2.1 Calculate PCA and LDA transformations to reduce the dimensionality of accelerometer data (e.g., using scikit-learn implementations). Before transformations downsample data from 100 Hz to 25 Hz (using scipy.signal.resample) to get 125x3 matrix of data for each 5 sec window. You should also standardize the values to zero mean and unit variance before the transformations. Using training dataset, fit PCA with 5-dimensional subspace (i.e., choosing the 5 largest principal components) and fit LDA with 5-dimensional subspace. Transform both train and test examples to this low-dimensional feature representation. Concatenate each sequence to single vector size of 3x(5+5). Perform the fusion of PCA and LDA similar manner as presented in Lecture 3 (pages-19-20) using NN method. Evaluate the performance on testset.
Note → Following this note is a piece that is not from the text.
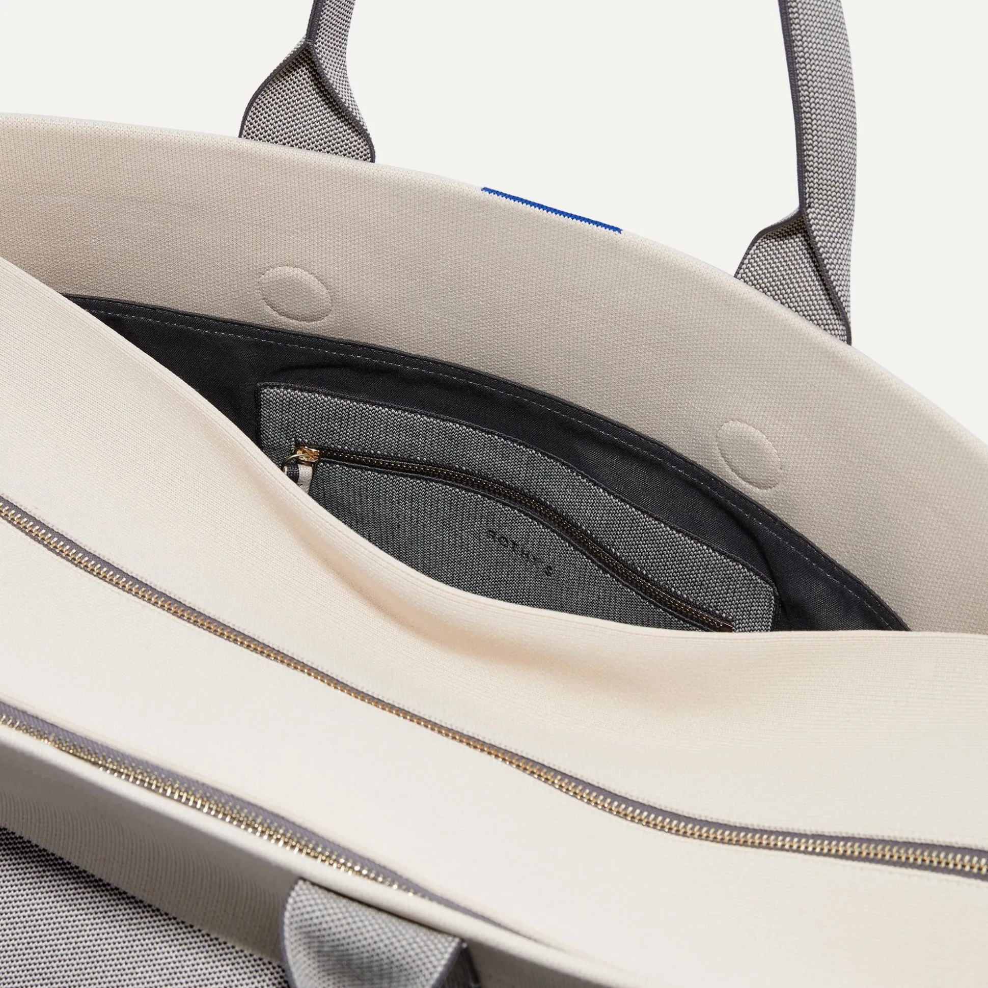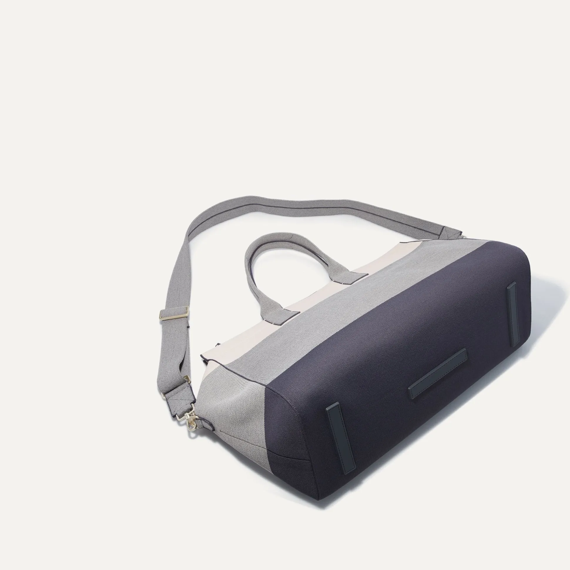 Our Durable, Spacious Travel Bag In Ivory And Shades Of Grey Is Made For Getaways—With Three Roomy Compartments, Comfortable Top Handles And An Adjustable, Detachable Strap. Bonus: It Fits In The Overhead Bin Of Most Major Airlines.

Show confusion matrix and F1 scores of the results.

In [7]:
from sklearn.metrics import accuracy_score,f1_score,confusion_matrix
def PCA_LDA_fusion(train,test,y_train):
    predicted_labels=[]
    for row in test:
#         print(train.shape)
#         print(train[:,0:3].shape)
        d=train[:,0:3]-row[0:3]
        D=train[:,3:6]-row[3:6]
#         print(d.shape)
        d=np.sum(d**2,axis=1)
        D=np.sum(D**2,axis=1)
        d=(d-np.amin(d))/(np.amax(d)-np.amin(d))
        D=(D-np.amin(D))/(np.amax(D)-np.amin(D))
        F=(d+D)/2
#         print(F)
        label_index=np.argmin(F)
        predicted_label=int(y_train[label_index])
        predicted_labels.append(predicted_label)
    return predicted_labels
        


In [8]:
        
predicted=PCA_LDA_fusion(pca_lda_train_acc,pca_lda_test_acc,y_train_acc)
# print(predicted)
# print(y_test_acc)
print("ACC:",accuracy_score(y_test_acc,predicted))
print("F1 score:",f1_score(y_test_acc,predicted,average=None))
confusion_matrix(y_test_acc,predicted)
# print(predicted)

ACC: 0.4782608695652174
F1 score: [0.20967742 0.4526749  0.36708861 0.72340426 0.51612903 0.69444444
 0.6056338  0.40174672]


array([[13,  7, 37,  0,  0,  0,  0, 28],
       [ 0, 55,  0,  0,  0,  0,  5, 24],
       [ 0, 28, 29,  0,  0,  0,  0, 29],
       [ 0,  0,  0, 34, 13,  0,  0,  0],
       [ 0,  0,  0, 13, 16,  3,  0,  1],
       [11, 29,  0,  0,  0, 50,  0,  0],
       [ 0, 29,  0,  0,  0,  0, 43, 16],
       [15, 11,  6,  0,  0,  1,  6, 46]])

In [9]:

print(x_train_cam.shape)

x_train_cam_p=preprocess(x_train_cam,resample=False)
x_test_cam_p=preprocess(x_test_cam,resample=False)
print("After processing",x_train_cam_p.shape)
pca_cam_1 = PCA(n_components=5)
pca_cam_2 = PCA(n_components=5)
pca_cam_3 = PCA(n_components=5)
pca_cam_4 = PCA(n_components=5)
pca_cam_5 = PCA(n_components=5)


lda_cam_1=LinearDiscriminantAnalysis(n_components=5)
lda_cam_2=LinearDiscriminantAnalysis(n_components=5)
lda_cam_3=LinearDiscriminantAnalysis(n_components=5)
lda_cam_4=LinearDiscriminantAnalysis(n_components=5)
lda_cam_5=LinearDiscriminantAnalysis(n_components=5)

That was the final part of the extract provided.